The goal of the current study was to investigate ALK-1 immunohistochemical expression in gliomas, grade 4, besides its correlation with IDH1-R132H mutation status and the clinicopathological parameters of the tumors. Material and methods: Seventy cases of gliomas, grade 4 were tested for immunohistochemical expression of ALK-1 & IDH1-R132H in the tumor cells.

Results:

ALK-1 immunoexpression was detected in 22.9% of our cases and IDH1-R132H mutation was detected in 12.9% of them. ALK-1 expression (100%) was only detected in the more aggressive IDH R132H-negative GBs. ALK-1 expression was also noted in the larger-sized tumors, more in males and patients older than the mean age.

Conclusion:

Our results suggest that mutations in ALK-1 may predict a more dismal prognosis since ALK expression was only noted in IDH-R132H negative GBs known to have a considerably poorer outcome compared to IDH-R132H mutant cases. GBs with detectable ALK-protein expression could potentially experience substantial clinical advantages through the utilization of newly introduced ALK inhibitors allowing personalized treatment to a subset of patients. Hence, future studies targeting ALK in IDH wildtype Glioblastomas including clinical trials on larger scales are recommended.

Key Words: Glioma grade 4, Glioblastoma, Immunohistochemistry, ALK-1, IDH-1

Introduction

Glioblastoma (GB), classified by the World Health Organization (WHO) as a grade 4 glioma, is the most common and deadly primary malignant tumor affecting the central nervous system (CNS) in adults accounting for approximately 60% of all CNS tumors [1]. It has a grim prognosis, with an average survival time of 15 months [2].
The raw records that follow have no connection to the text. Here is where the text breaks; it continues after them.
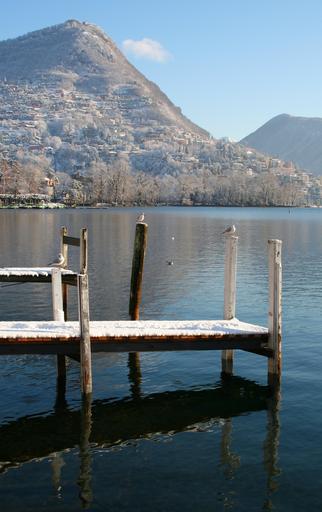Keywords: lugano switzerland water lake mountains winter snow sol mirrors quiet boat blue sky seagull bird bridge
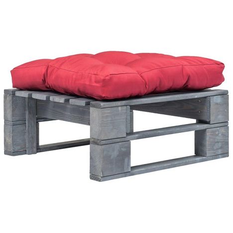 Repose-pied palette de jardin avec coussin en rouge gris bois
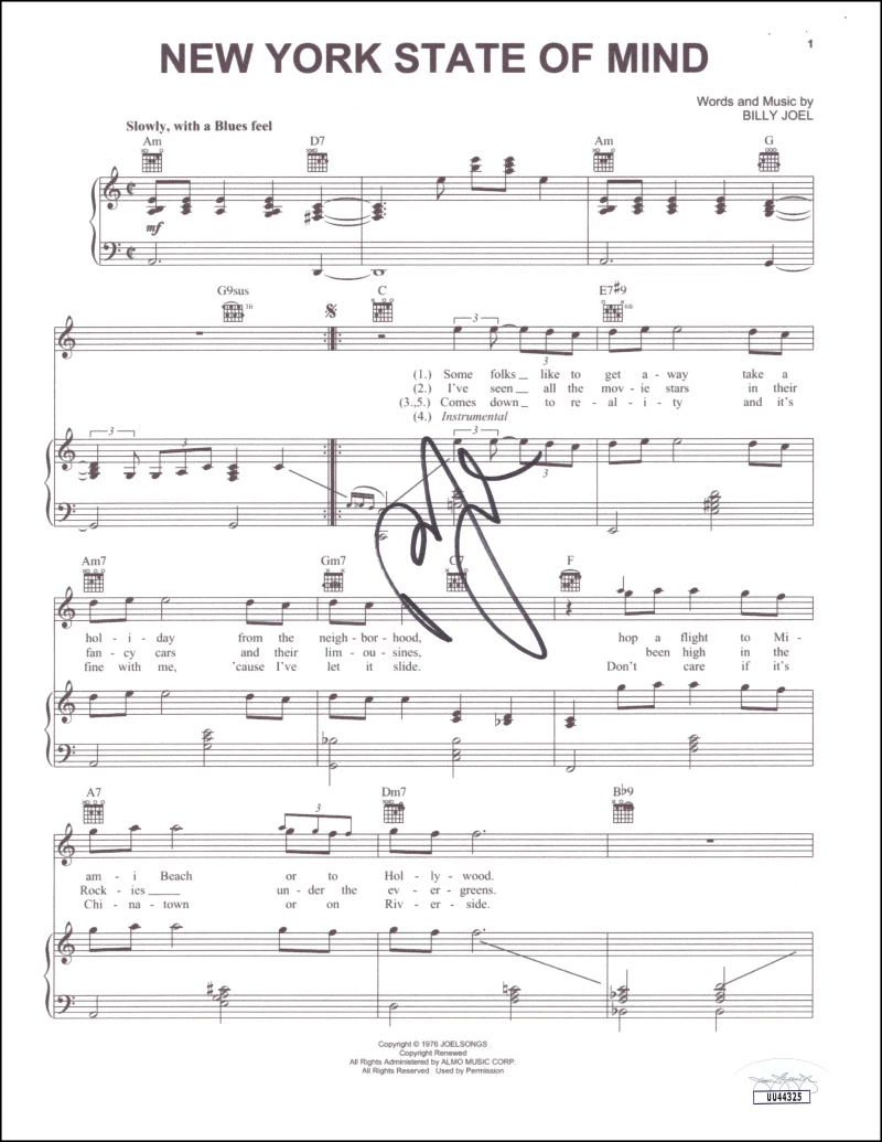 BILLY JOEL SIGNED AUTOGRAPH NEW YORK STATE OF MIND SHEET MUSIC – TURNSTILES COA COLLECTIBLE MEMORABILIA

The development of glioblastoma involves a complex array of genetic and epigenetic alterations, which result in various subsets of mutations. Some of these mutations have been shown to impact survival rates and response to therapy [3]. IDH mutations have been identified in more than 80% of WHO grade II/III gliomas. In grade IV gliomas, IDH mutations are also prevalent in secondary GBs (73%), while being less common in primary GBs (3.7%) [4]. Furthermore, the presence of IDH mutations has been associated with a more favorable disease outcome, leading to extended median survival in glioblastoma patients [5]. The most prevalent IDH mutation is IDH1-R132H, present in approximately 90% of IDH-mutant cases [6].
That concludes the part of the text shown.